Use the vector formula x’ = x − 2 ((x − p0)·n)/(n·n) n; no normalization is required (the n·n in the denominator handles scale), sign of n doesn’t matter, and this is exactly “translate by −p0, reflect, translate back”; for y = mx + b take n = (m, −1), p0 any point on the line (e.g., (0, b)), and for the line through A,B take p0 = A and n = (A_y − B_y, B_x − A_x).

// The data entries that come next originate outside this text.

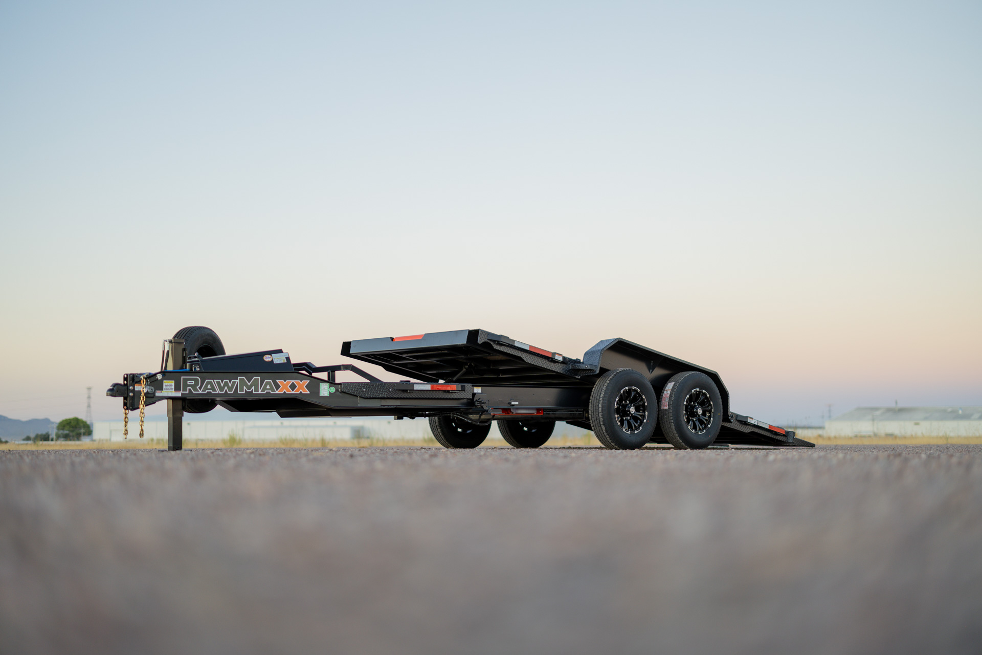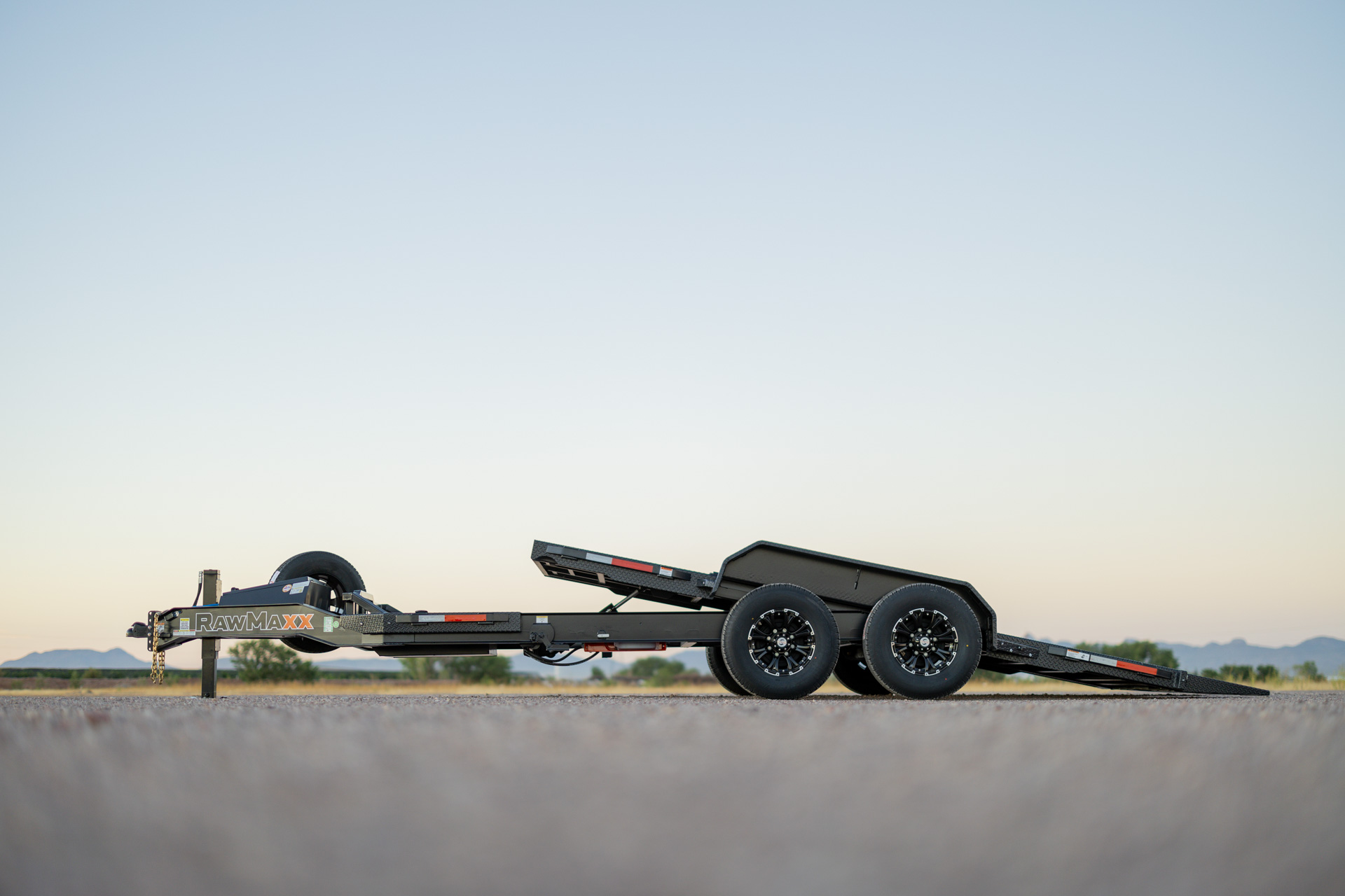 When loading speed, balance, and simplicity matter most, the RawMaxx G7X BP delivers. Available in 20’, 22’, and 24’ lengths, this gravity tilt bumper pull is rated at 14,000 lbs. GVWR with over 11,600 lbs. of usable load capacity, making it an ideal solution for hauling vehicles, equipment, and machinery without the need for ramps or hydraulics.
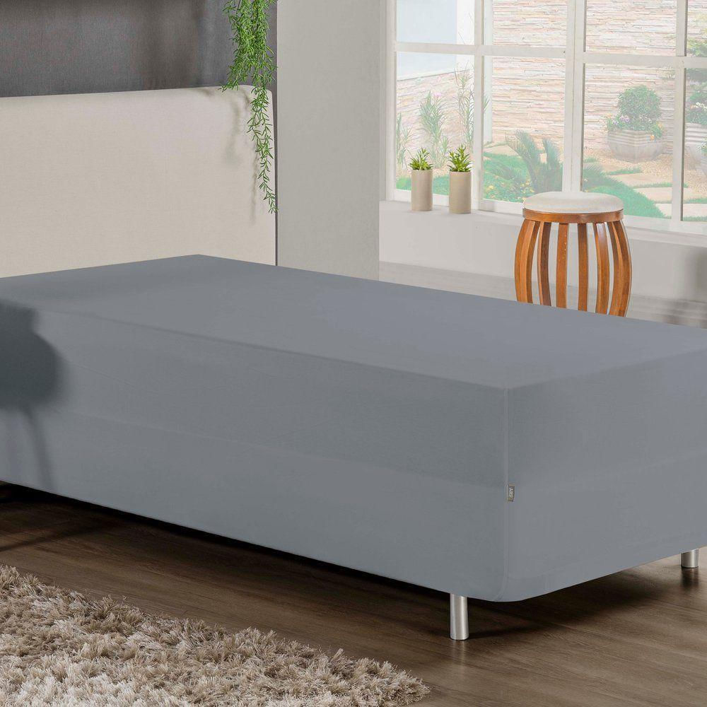Jogo De Cama Solteiro Nobre 2 Peças Luva De Box 55cm De Altura Malha 100% Algodão - Cinza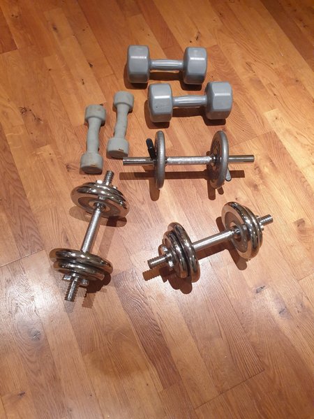 Ett set med hantlar i olika storlekar och vikter. Perfekt för hemmaträningen.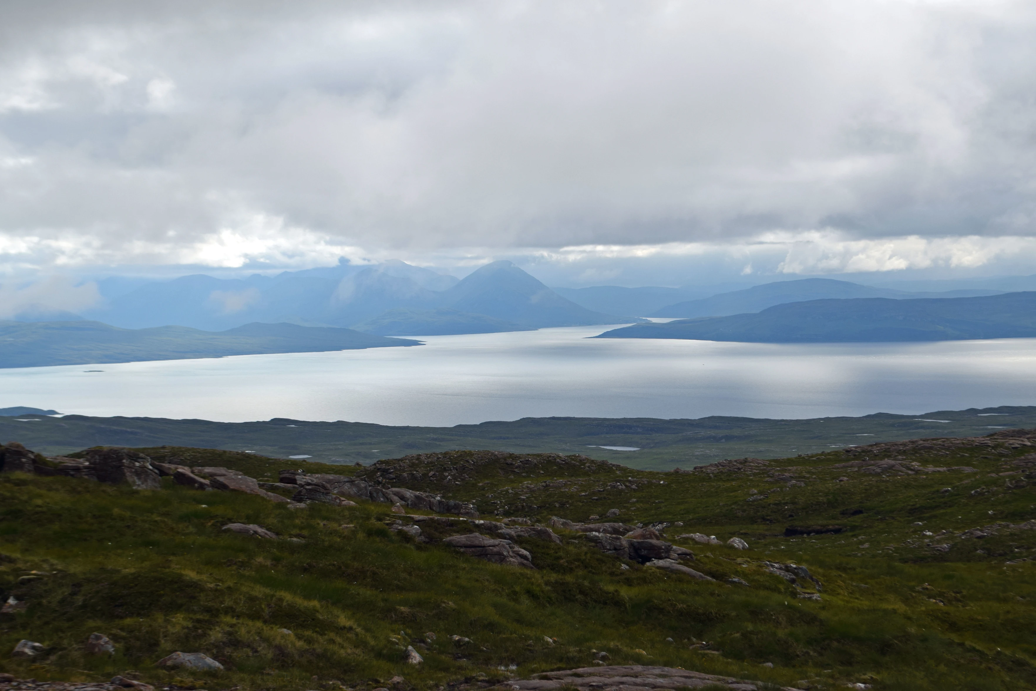 Scalpay and Raasay, with Skye beyond, on the Bealach na Ba descent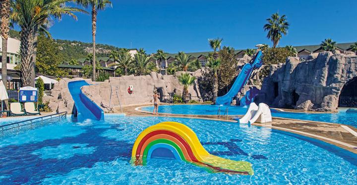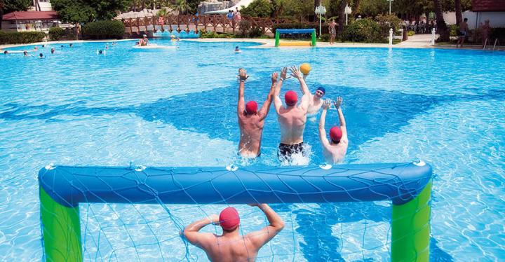 U hotelu postoji 8 bazena od čega su 5 za odrasle i 3 za decu, dečiji bazen sa toboganima ( 6 za decu i 3 za bebe). Pored bazena postoji i 9 teniskih terena, košarkaški i odbojkaški tereni, fudbalski tereni, vaterpolo, odbojka na pesku, stoni tenis, pikado, aerobic, fitness centar i boćanje, razne dnevne i večernje animacije, koncerti i muzika uživo.

Example: reflecting P = (3, −1) across y = 2x + 1 with n = (−2, 1), p0 = (0, 1) gives P’ = (−17/5, 11/5); reflecting Q = (5, 4) across AB with n = (2, 3), p0 = A gives Q’ = (21/13, −14/13), whose midpoint with Q is (43/13, 19/13) on AB and the segment is perpendicular to AB.
Here’s the no-banana-peel version: reflect x across the line through a with normal n by x’ = x − 2((x − a)·n) n / ||n||^2 (no unit-normal needed-its length lives in the denominator); for y = mx + b take a = (0, b), n = (m, −1); for a line through A,B take a = A and n perpendicular to d = B − A; translate–reflect–translate-back = subtract a, apply the origin formula (or the matrix from n/||n||), then add a, and any hairline mismatch is just round-off.
Example: L1 with m = 2, a = (0,1), n = (2,−1) gives P’ = (3,−1) − 2((3,−2)·(2,−1))(2,−1)/5 = (−17/5, 11/5); L2 with A = (1,3), B = (4,1), d = (3,−2), n = (2,3) gives Q’ = (5,4) − 2((4,1)·(2,3))(2,3)/13 = (21/13, −14/13).